L’affirmation du carême rêd est une mise en garde, un conseil de prudence, une annonce préventive des accidents de la route. Il est porteur d’un message d’amitié qui dit dans un langage simple et indirect restez en vie ne tentez pas le diable. La transmission est assurée. L’explication demandée à un échantillon de personnes de tous âges, à propos de la dangerosité de la période du carême ne donne pas de réponse satisfaisante. Le comportement est identique à celui de ne pas rouler en voiture sur un coq pattes liées dans un trois chemins. Sans savoir pourquoi, il vaut mieux l’éviter. La croyance est un support auquel s’accroche l’humain. Il serait vain de vouloir la rationnaliser. La présence tentatrice du diable alliée à la méchanceté d’autrui et de ses mauvais penchants, demeure vivace dans la psyché.

Le rôle de la mi-carême

La séparation des quarante jours en deux séquences de vingt jours proposés par la religion, a une double cause. La première, économique, reliant jeûne et consommation d’œufs. La fraîcheur du produit ne pouvant excéder vingt jours, il fallait le vendre et le consommer avant la date de péremption. La religion a volé au secours de l’économique. La seconde, mentale, les personnes risquaient de surseoir à la privation de trop longue durée. Une pause, un allègement autorisaient le respect des règles. Une journée carnavalesque instituait la coupure avec la monotonie des jours maigres. On avait compris la nécessité de cette soupape de sécurité. Une soupape de sécurité est un dispositif permettant de contenir les surtensions, il a comme objectif de réguler les passages à l’acte, de créer une voie de dégagement garant de la paix sociale.

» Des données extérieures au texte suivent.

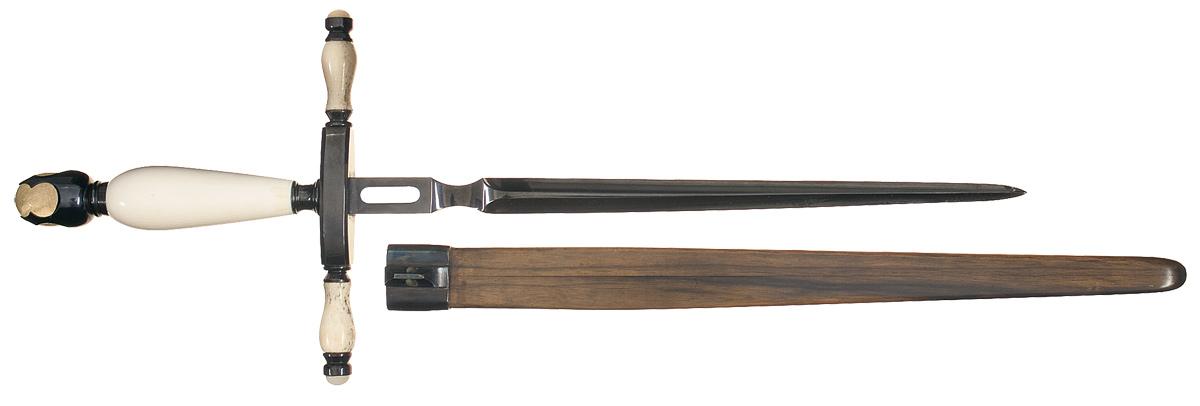 Condition: Excellent, with a couple of barely noticeable chips on the blade and some scattered minor handling marks overall. The handle has a few barely noticeable hairline age cracks, with all of the ivory having a nice grain pattern. The sheath has a hairline crack, otherwise excellent with some scattered mild scratches.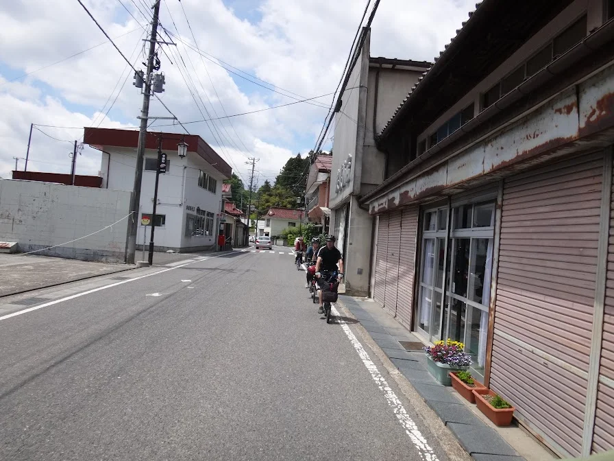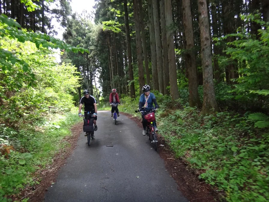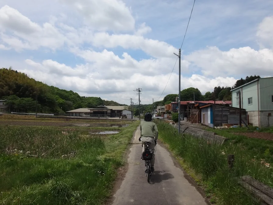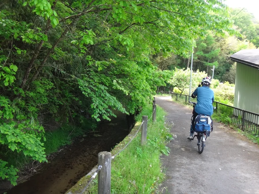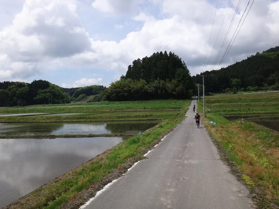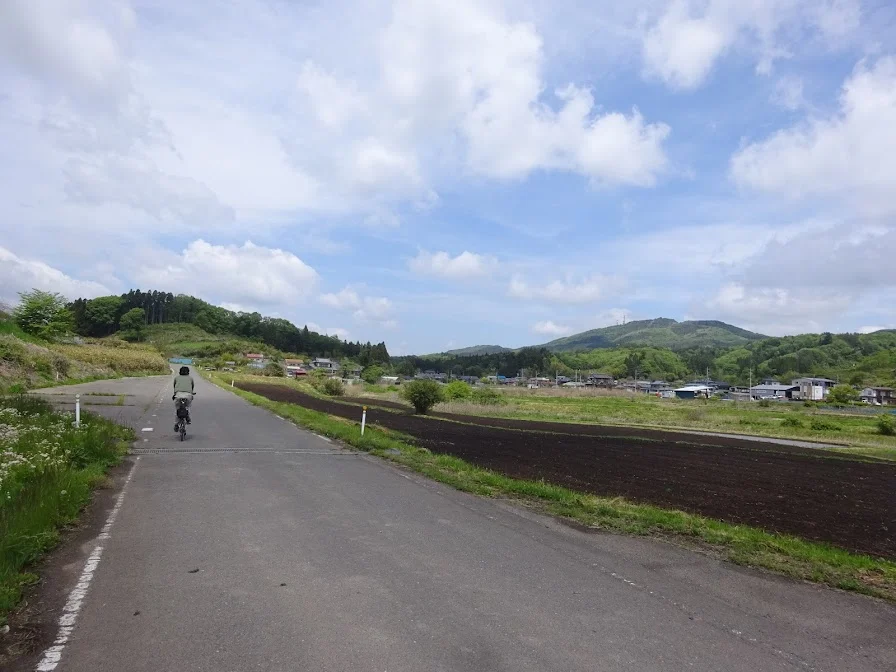 Plutôt que de rouler sur la route 65, principale voie de transport entre Ono et la ville de Kōriyama (郡山市), nous empruntons une route secondaire confortable sous les roues et par laquelle passent très peu de voitures (sans parler des vélos !). Cette route contourne le mont Hikageyama (日影山) en prenant la direction nord-ouest.

Le carnaval remplit pleinement cette fonction et la mi-carême est à l’identique un contenant. La décision préfectorale d’interdire les manifestations carnavalesques de la mi-carême, annoncée le mardi 23 mars, quarante-huit heures avant les festivités, précise que la hausse des contaminations, a déterminé cet arrêté. Suit la claire menace de retarder la fin de l’urgence sanitaire si des mesures telles l’absence de distanciation, le non-port du masque, le non-respect du couvre-feu étaient constatés. Cette requête s’adresse à la population et aux groupes carnavalesques. La réponse de VOUKOUM et de AKIYO a souligné les incohérences des affirmations : les hospitalisions étaient en baisse et le taux d’incidence aussi. La mi-carême a rempli les rues de carnavaliers et de spectateurs. La soupape de sécurité a joué son rôle de contention des tensions en ces temps de stress et de désespérance générés par une situation qui perdure sans espoir d’une sortie de pandémie.

Les contaminations sont en hausse partout dans le monde et la Guadeloupe fait partie du monde. Il serait souhaitable de réfléchir aux moyens capables d’améliorer une situation économique catastrophique, augmentée par les pertes d’emploi, afin d’assurer le bien-être de tous, au lieu de menacer et de punir. Arrêter le fossé qui se creuse de plus en plus entre les décideurs politiques et la population, recréer la confiance, devraient être des priorités.